To best capture such dynamic processes, developmental research designs would ideally be longitudinal (over time), rather than cross-sectional (a single point in time), and conducted in children's natural environments, rather than a laboratory. Such designs would thus occur in schools, homes, day-care centers, and other environments in which proximal processes are most likely to occur. The bioecological model also proposes that the most scientifically rich studies would include more than one distinct but theoretically related proximal process in the same design. Indeed, studies that claim to be based upon bioecological theory should include elements of process, person, context, and time, and should include explicit explanation and acknowledgement if one of the elements is lacking. Based on the interactions of proposed elements of the PPCT model, appropriate statistical analyses of PPCT data would likely include explorations of mediation and moderation effects, as well as multilevel modeling of data to account for the nesting of different components of the model. Moreover, research that includes both genetic and environmental components would capture even more of the bioecological model's elements.

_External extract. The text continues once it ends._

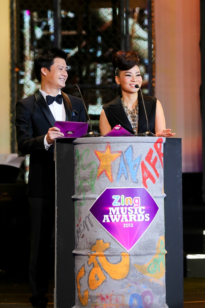 Quang Dũng và Thu Minh ton sur ton ra chào khán giả khi làm khách mời trao giải Nam/ Nữ ca sĩ được yêu thích nhất và Nghệ sĩ mới xuất sắc nhất trong đêm Gala trao giải ZMA tối 7/1. |
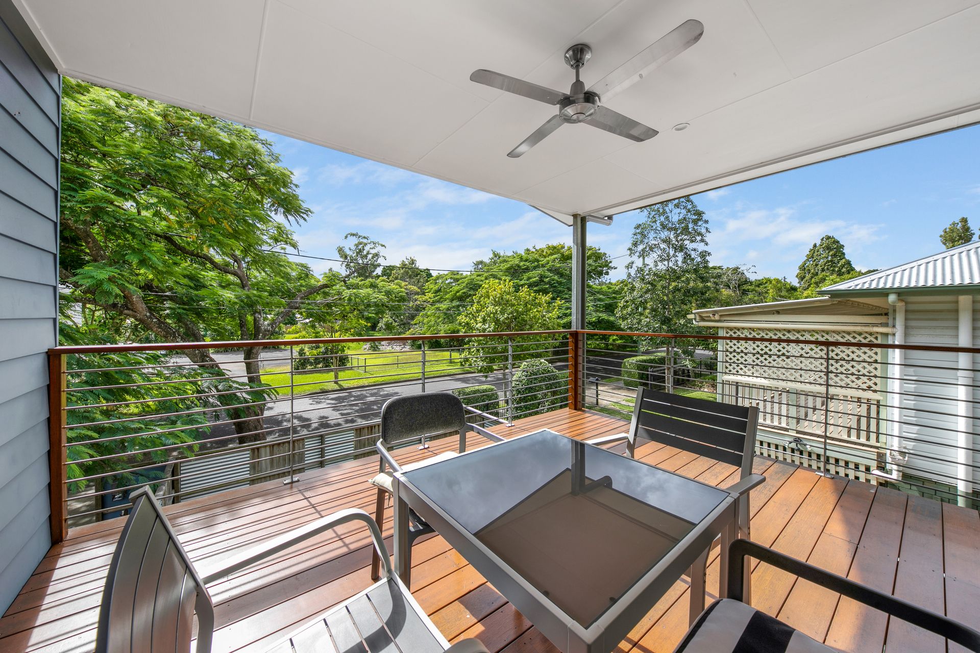 Stepping out to your North facing balcony, residents can enjoy alfresco dinners here or drinks with friends while supervising kids in the front yard and admiring the tree-lined views.

== Ecological techno-subsystem ==

The ecological systems theory emerged before the advent of Internet revolution and the developmental influence of then available technology (e.g., television) was conceptually situated in the child's microsystem. Johnson and Puplampu, for instance, proposed in 2008 the ecological techno-subsystem, a dimension of the microsystem. This microsystem comprises both child interaction with living (e.g., peers, parents, teachers) and non-living (e.g., hardware, gadgets) elements of communication, information, and recreation technologies in immediate or direct environments. Johnson published a validation study in 2010.

== Neo-ecological theory ==

Whereas the theory of the techno-subsystem merely highlights the influence that digital technologies have on the development of an individual within the microsystem, Navarro and Tudge argue that the virtual world be given its own consideration throughout the Bioecological model. They suggest two key modifications as a way to incorporate Bonfenbrenner's theory into our technologized world:

1. The microsystem should be delineated to include distinct forms in which an individual lives: physical microsystem and virtual microsystem.
2. The role of the macrosystem, specifically the cultural influence of digital technology, should be emphasized in understanding human development.